» **What the task requires**: An exact restatement of the data is required, with the images omitted.

» **Supplied information**:
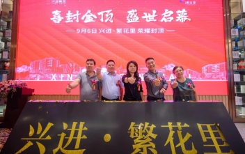 興進(jìn)·繁花里封頂儀式在項(xiàng)目營(yíng)銷中心隆重舉行,興進(jìn)集團(tuán)副總裁兼商業(yè)公司總裁尹靜、興進(jìn)集團(tuán)商業(yè)開發(fā)公司總經(jīng)理盧永發(fā)、廣西五建一分副總經(jīng)理鄧玉光、桂工監(jiān)理副總經(jīng)理徐勝芳、興進(jìn)繁花里業(yè)主代表及各主流媒體蒞臨現(xiàn)場(chǎng)觀禮,共同見證這一激動(dòng)人心的時(shí)刻。
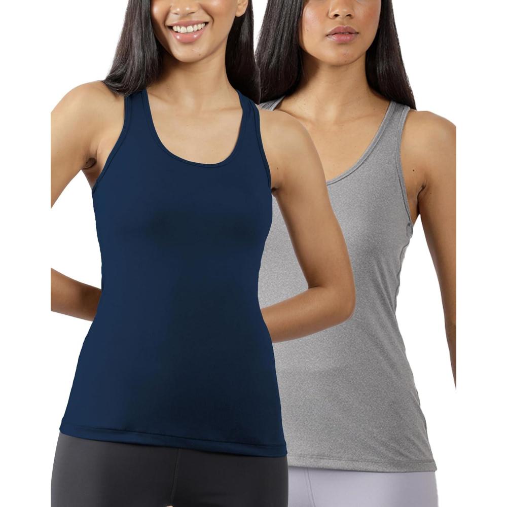 Yogalicious Womens Lightweight Tank Top Soft Racerback Workout Yoga Sleeveless Quick Dry Top(Dark Navy/Heather Grey)
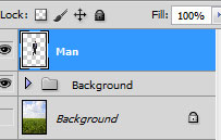 First add a layer mask to the “Man” layer. With a round soft black brush paint closely around his shoes but do not overlap them. Select the Smudge tool and set it’s strength to 90%. In the layer mask drag from the black outline you just made towards his shoes. This is simpler to do than say so give it a shot, you’ll know what I mean.
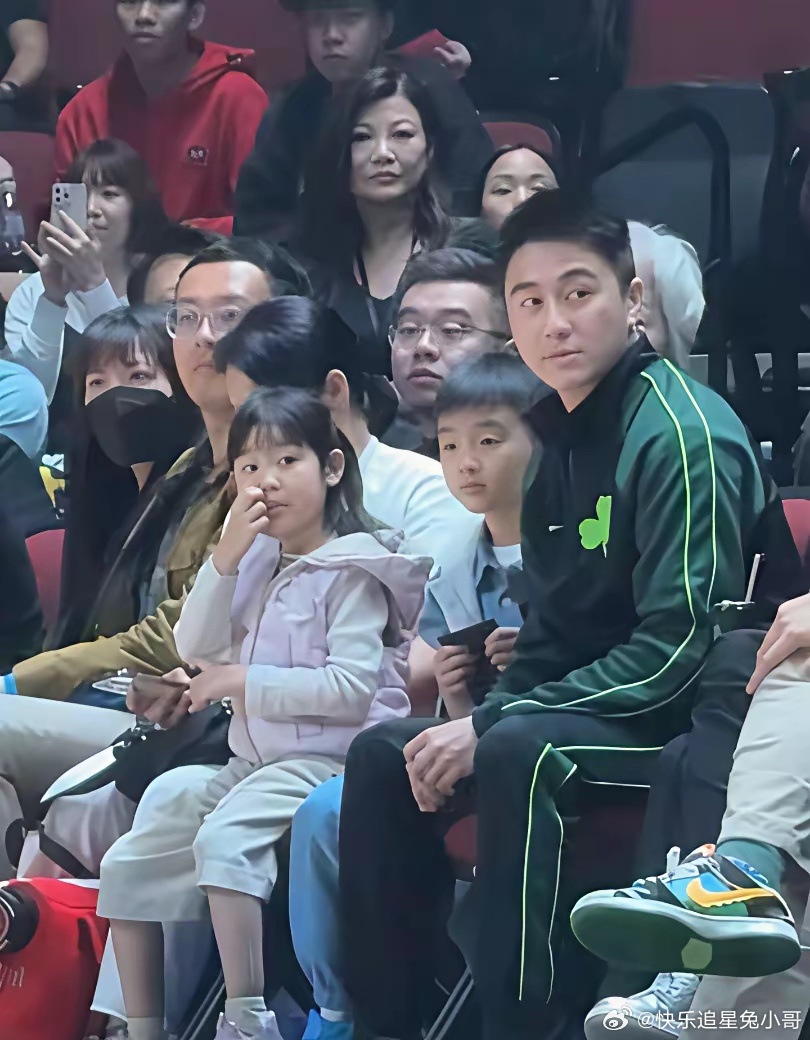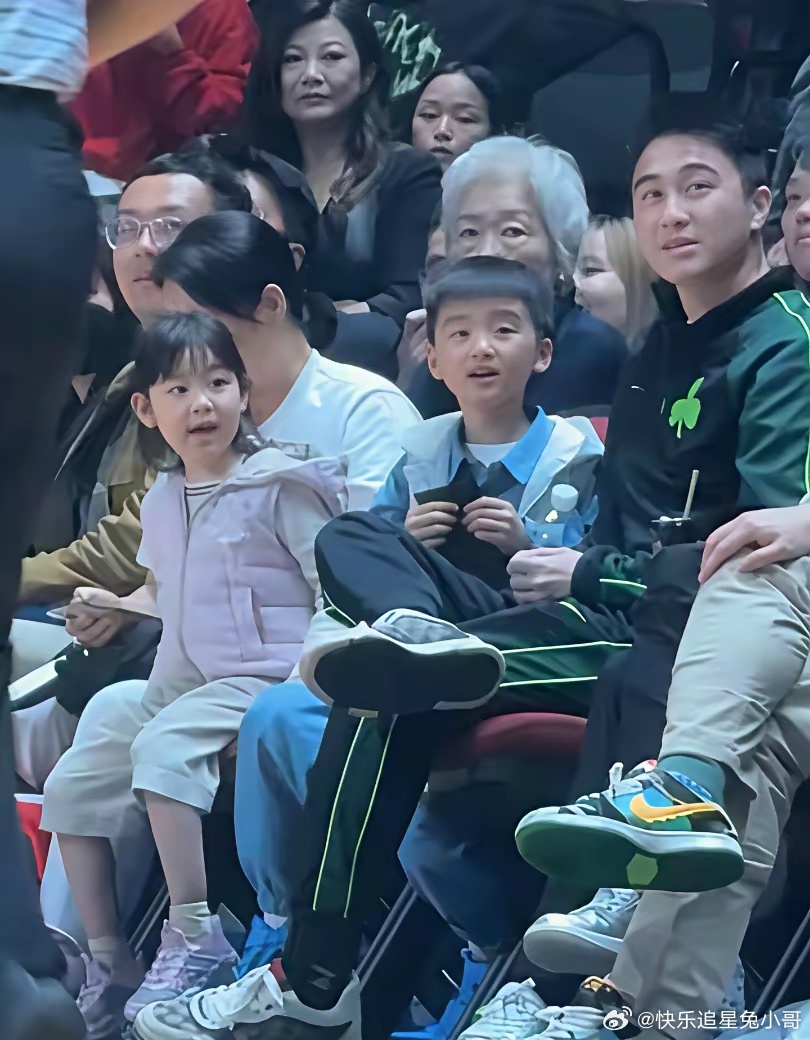 何猷君带儿子和女儿去看篮球赛,看得出5岁的何广燊笑起来五官很像爸爸,身高则是遗传

» **Completed task**:
 興進(jìn)·繁花里封頂儀式在項(xiàng)目營(yíng)銷中心隆重舉行,興進(jìn)集團(tuán)副總裁兼商業(yè)公司總裁尹靜、興進(jìn)集團(tuán)商業(yè)開發(fā)公司總經(jīng)理盧永發(fā)、廣西五建一分副總經(jīng)理鄧玉光、桂工監(jiān)理副總經(jīng)理徐勝芳、興進(jìn)繁花里業(yè)主代表及各主流媒體蒞臨現(xiàn)場(chǎng)觀禮,共同見證這一激動(dòng)人心的時(shí)刻。
 Yogalicious Womens Lightweight Tank Top Soft Racerback Workout Yoga Sleeveless Quick Dry Top(Dark Navy/Heather Grey)
 First add a layer mask to the “Man” layer. With a round soft black brush paint closely around his shoes but do not overlap them. Select the Smudge tool and set it’s strength to 90%. In the layer mask drag from the black outline you just made towards his shoes. This is simpler to do than say so give it a shot, you’ll know what I mean.
 何猷君带儿子和女儿去看篮球赛,看得出5岁的何广燊笑起来五官很像爸爸,身高则是遗传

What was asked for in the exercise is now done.